¶ 1 Plaintiffs/appellants Charles M. Giles and Susan P. Giles, husband and wife, appeal from the trial court’s order granting a motion for judgment on the pleadings filed by defendant/appellee Hill Lewis Maree (HLM), a law firm, and dismissing their complaint for abuse of process and other claims. The Gileses’ claims were based on HLM’s alleged conduct during its representation of the opposing party in an action the Gileses had initiated which was ultimately settled. On appeal, they contend Arizona law does not prohibit a cause of action for abuse of process against opposing counsel and that the settlement of the underlying action does not necessarily bar a claim for malicious prosecution absent a determination of whether the settlement was favorable to them. Because we find both contentions correct, we vacate the judgment in favor of HLM and remand the matter for further proceedings.
Standard of Review
¶ 2 A motion for judgment on the pleadings pursuant to Rule 12(c), Ariz. R. Civ. P., 16 A.R.S., tests the sufficiency of the complaint, and judgment should be entered for the defendant if the complaint fails to state a claim for relief.

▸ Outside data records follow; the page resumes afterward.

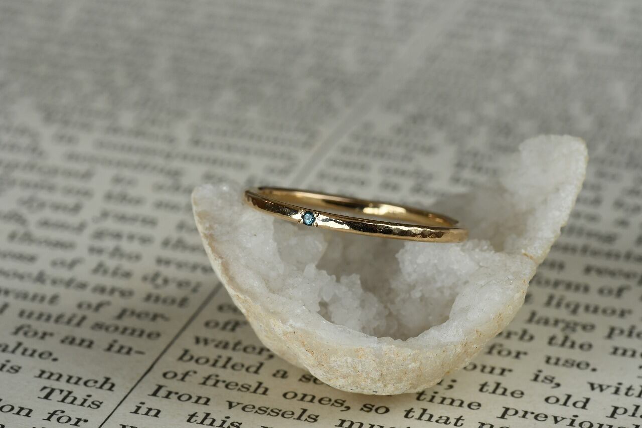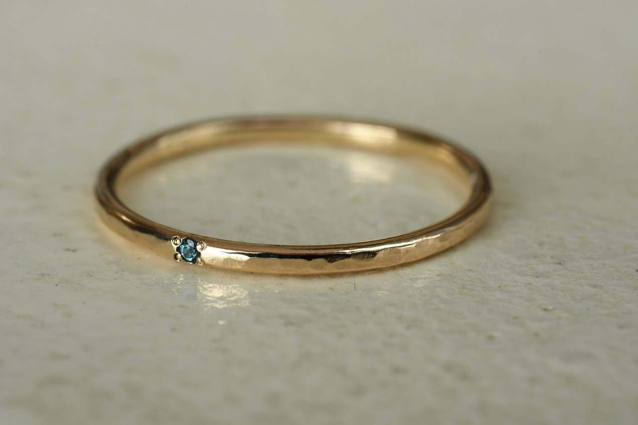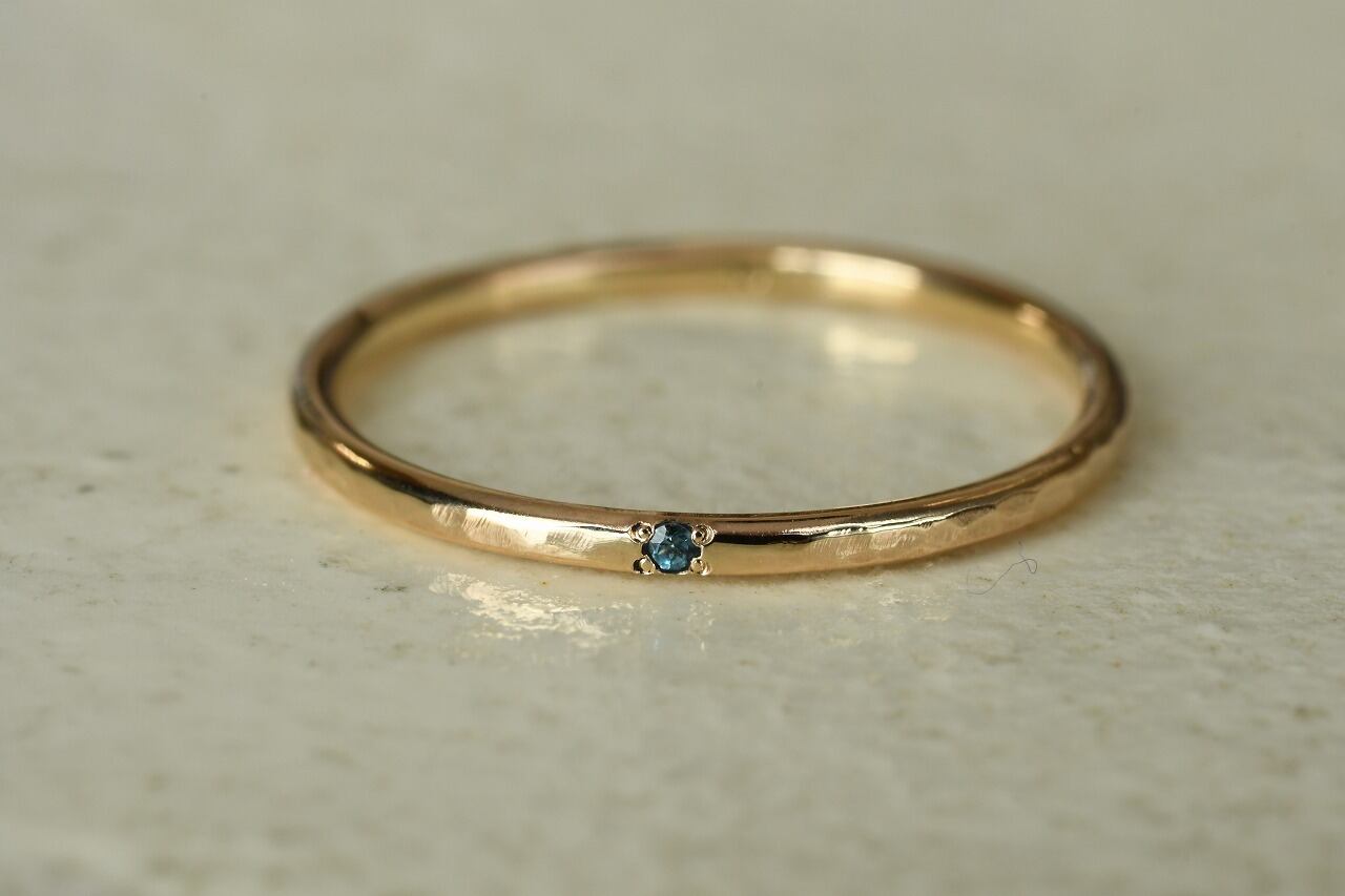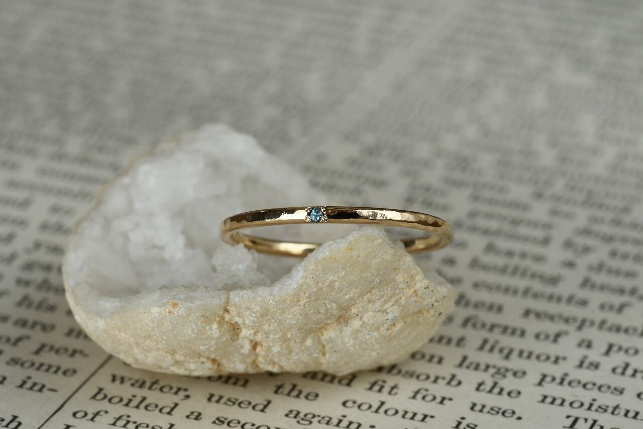 リングの幅を細くして、小さな天然石を一粒留めるそんな作品です。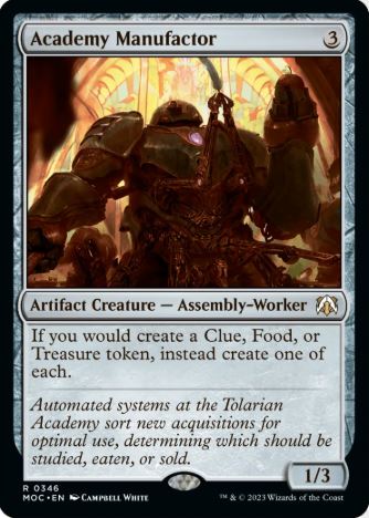 Next we need token creation, we need to multiply like rabbits…. literally. Now initially I made the mistake of leaning into creature tokens before really understanding how good Cadira was, meaning I’d just get board wiped and have to start all over again. I decided to move to more treasure and food creation on top of my standard tokens as these unlocked more resources to use and ultimately were safer than creatures. It’s very unlikely that food and treasures will be targeted and when I hold on to them, even when board wipes happen to my creatures, I have a quick way to build back up almost immediately. Having 10 food on standby means I already have 10 rabbits on Cadira’s first swing. To get tokens quickly I added a lot of staple cards like ‘Academy Manufactor’, ‘Tireless Provisioner’ and ‘Second Harvest’ which quickly help build up token pools fast and allow me to double/triple the value of my other creators. A key piece I’ve recently added is ‘Primal Vigor’ which is an incredible hit for me to boost token duplication and when the rarer buff pieces kick in +1/+1 counters.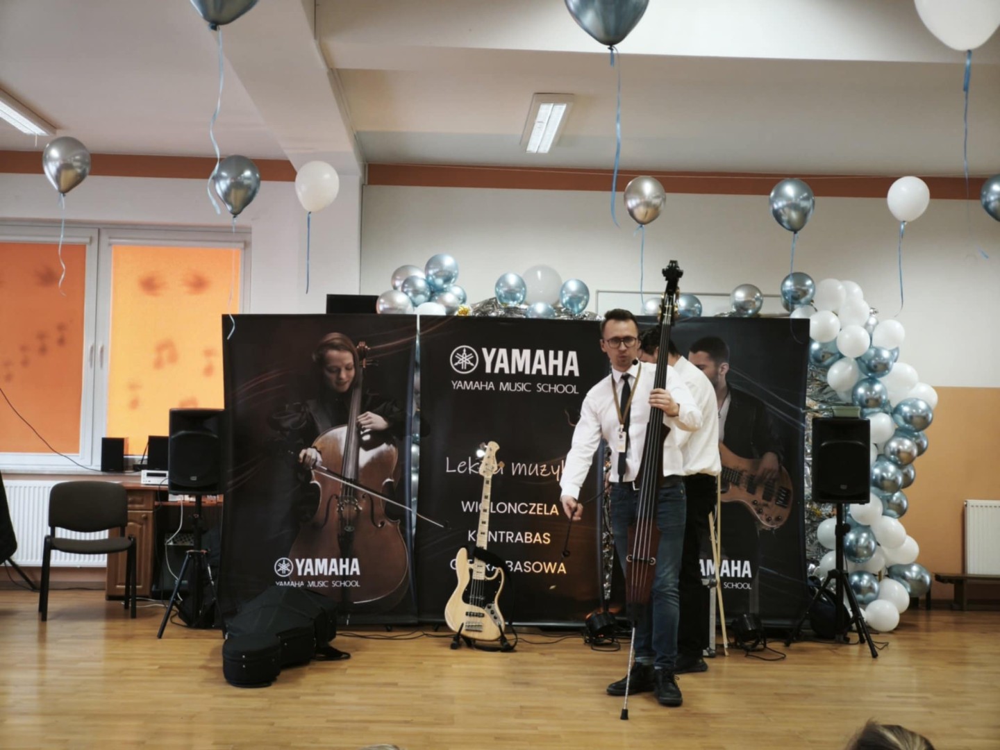 Przedszkolaki miały wyjątkową okazję spotkać muzyków ze Szkoły Muzycznej Yamaha i poznać instrumenty takie jak: wiolonczela, kontrabas i gitara basowa. Dzieci mogły z bliska obserwować, jak grają muzycy, a także posłuchać pięknych dźwięków na żywo. Spotkanie wzbudziło w maluchach dużo radości, ciekawości i zachwytu nad muzyką.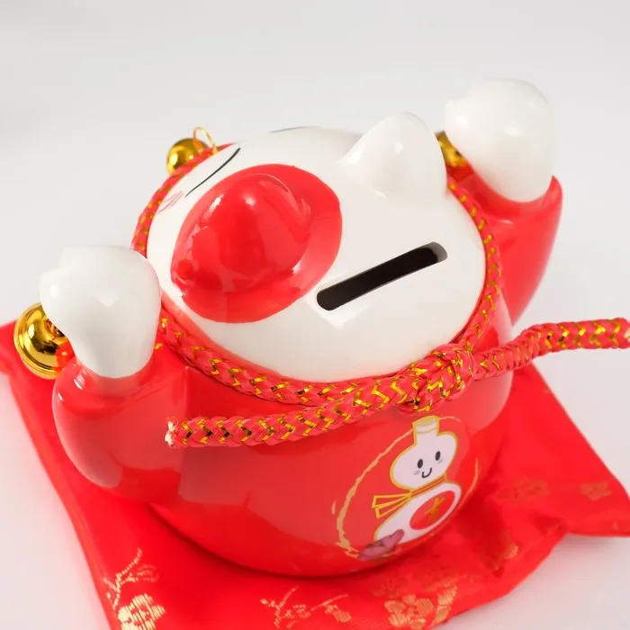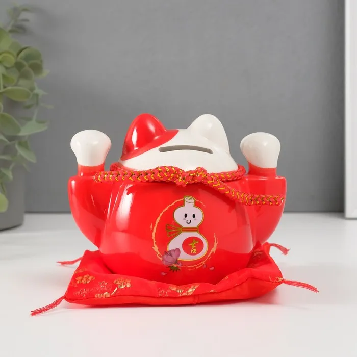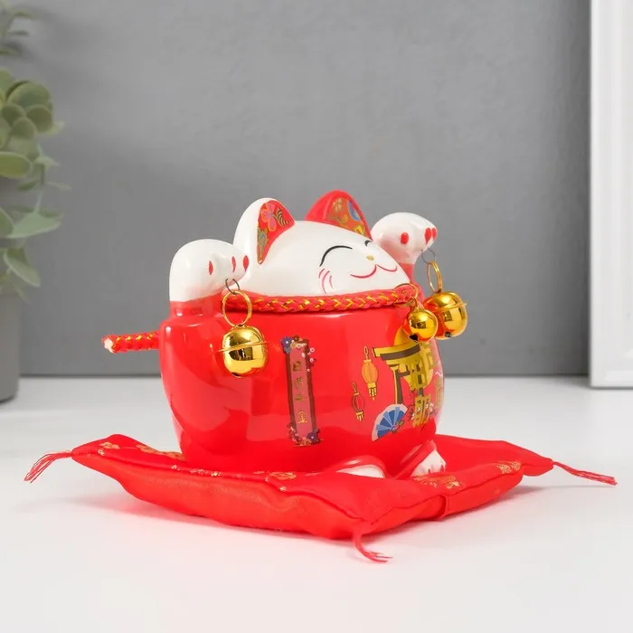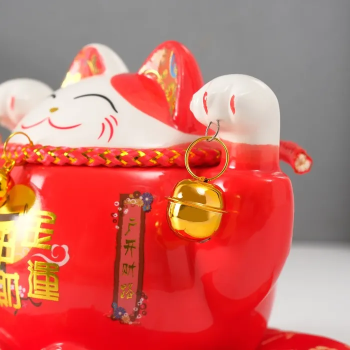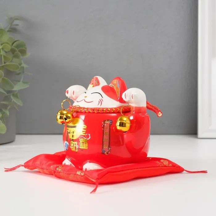 Копилка керамика "Кот манэки-нэко красный с колокольчиками" 10,5х13,5х9 см — Характеристики

Shannon v. Butler Homes, Inc.,
Facts and Procedural History
¶ 3 In February 1993, Charles M. Giles, P.C., filed a breach of contract action in Pima County seeking “to resolve certain differences” it was having with Bell Atlantic Tricon Leasing. HLM represented Bell Atlantic and moved for a change of venue to Maricopa County. The motion was denied. HLM then filed an answer and counterclaim, and served its disclosure statement. In July, HLM filed a separate complaint on behalf of Bell Atlantic in Maricopa County against Charles M. Giles, P.C., and Charles and Susan Giles in which they made allegations identical to those in the counterclaim filed in the Pima County action. Although HLM was informed that the Gileses had continuously resided in Pima County for thirty years, had no connection to Maricopa County, and would incur additional attorneys’ fees there, it refused to consent to a change of venue to Pima County. Consequently, the Gileses moved the Maricopa County superior court for a change of venue. While that *360 motion was pending, HLM moved for summary judgment, nothwithstanding the fact that the Gileses had not yet answered the complaint. During this time, HLM continued to send pleadings to the Gileses’ home, even though it knew they had retained Phoenix counsel. After discovery had begun and the Gileses had incurred attorneys’ fees and costs in excess of $9,000 in connection with the Maricopa County action, the trial court granted their motion to change the venue of that action to Pima County. In the Pima County action, HLM failed to disclose certain documents, made incomplete and inadequate disclosure, and withheld information that contradicted Bell Atlantic’s position in that litigation. The two cases were consolidated and the parties later settled.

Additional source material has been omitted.